- GBP/USD touched its highest level in a month above 1.2970 on Monday.
- The near-term technical outlook points to overbought conditions for the pair.
- The economic calendar will not offer any high-impact data releases.
The persistent selling pressure surrounding the US Dollar (USD) on Friday allowed GBP/USD to extend its weekly rally. After gaining nearly 1.5% in the previous week, the pair continued to stretch higher and reached its strongest level in a month above 1.2970.
Although last week’s upbeat data releases from the US caused markets to refrain from pricing in a 50 basis points (bps) rate cut in September, the USD struggled to outperform its rivals as risk flows dominated the action in financial markets.
Early Monday, US stock index futures trade little changed on the day, while the 10-year US Treasury bond yield stays in negative territory below 3.9%, making it difficult for the USD to stay resilient against its rivals.
The economic calendar will not feature any data releases that could impact the USD’s valuation in the second half of the day. In case markets adopt a cautious stance in the American session, GBP/USD could start correcting lower.
In the meantime, market participants will pay close attention to comments from Federal Reserve (Fed) Governor Christopher Waller later in the day. Over the weekend, San Francisco Fed President Mary Daly told the Financial Times that it is time to consider adjusting borrowing costs. Additionally, Chicago Fed President Austan Goolsbee argued that not lowering the policy rate in September could damage the labour market.
GBP/USD Technical Analysis
The Relative Strength Index (RSI) indicator on the 4-hour chart climbed above 80 on Monday, reflecting technically overbought conditions for GBP/USD. In case the pair stages a technical correction, immediate support is located at 1.2950 (Fibonacci 78.6% retracement of the latest downtrend) before 1.2900 (Fibonacci 61.8% retracement, psychological level) and 1.2850 (Fibonacci 50% retracement level).
On the upside, 1.3000 (psychological level, static level) could be seen as next resistance before 1.3045 (beginning point of the downtrend, July 17 high).
Pound Sterling FAQs
The Pound Sterling (GBP) is the oldest currency in the world (886 AD) and the official currency of the United Kingdom. It is the fourth most traded unit for foreign exchange (FX) in the world, accounting for 12% of all transactions, averaging $630 billion a day, according to 2022 data. Its key trading pairs are GBP/USD, aka ‘Cable’, which accounts for 11% of FX, GBP/JPY, or the ‘Dragon’ as it is known by traders (3%), and EUR/GBP (2%). The Pound Sterling is issued by the Bank of England (BoE).
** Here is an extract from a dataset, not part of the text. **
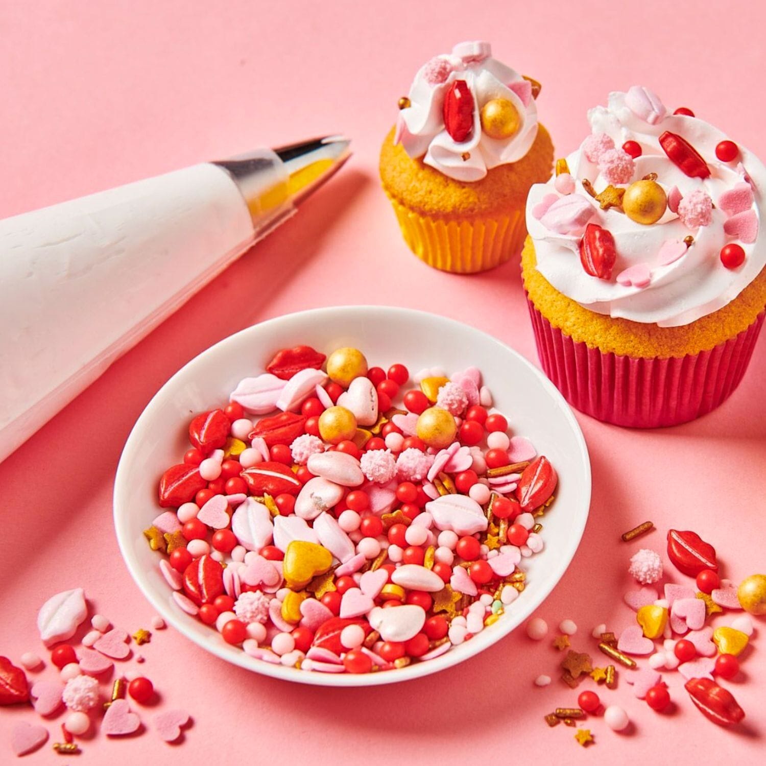 La mezcla de decoraciones incluye figuras en 3D (labios y corazones), bolas, perlas, nonpareils, mimosas, estrellas, corazones, fichas planas y palitos de azúcar.

The single most important factor influencing the value of the Pound Sterling is monetary policy decided by the Bank of England. The BoE bases its decisions on whether it has achieved its primary goal of “price stability” – a steady inflation rate of around 2%. Its primary tool for achieving this is the adjustment of interest rates. When inflation is too high, the BoE will try to rein it in by raising interest rates, making it more expensive for people and businesses to access credit. This is generally positive for GBP, as higher interest rates make the UK a more attractive place for global investors to park their money. When inflation falls too low it is a sign economic growth is slowing. In this scenario, the BoE will consider lowering interest rates to cheapen credit so businesses will borrow more to invest in growth-generating projects.
Data releases gauge the health of the economy and can impact the value of the Pound Sterling. Indicators such as GDP, Manufacturing and Services PMIs, and employment can all influence the direction of the GBP. A strong economy is good for Sterling. Not only does it attract more foreign investment but it may encourage the BoE to put up interest rates, which will directly strengthen GBP. Otherwise, if economic data is weak, the Pound Sterling is likely to fall.
Another significant data release for the Pound Sterling is the Trade Balance. This indicator measures the difference between what a country earns from its exports and what it spends on imports over a given period. If a country produces highly sought-after exports, its currency will benefit purely from the extra demand created from foreign buyers seeking to purchase these goods. Therefore, a positive net Trade Balance strengthens a currency and vice versa for a negative balance.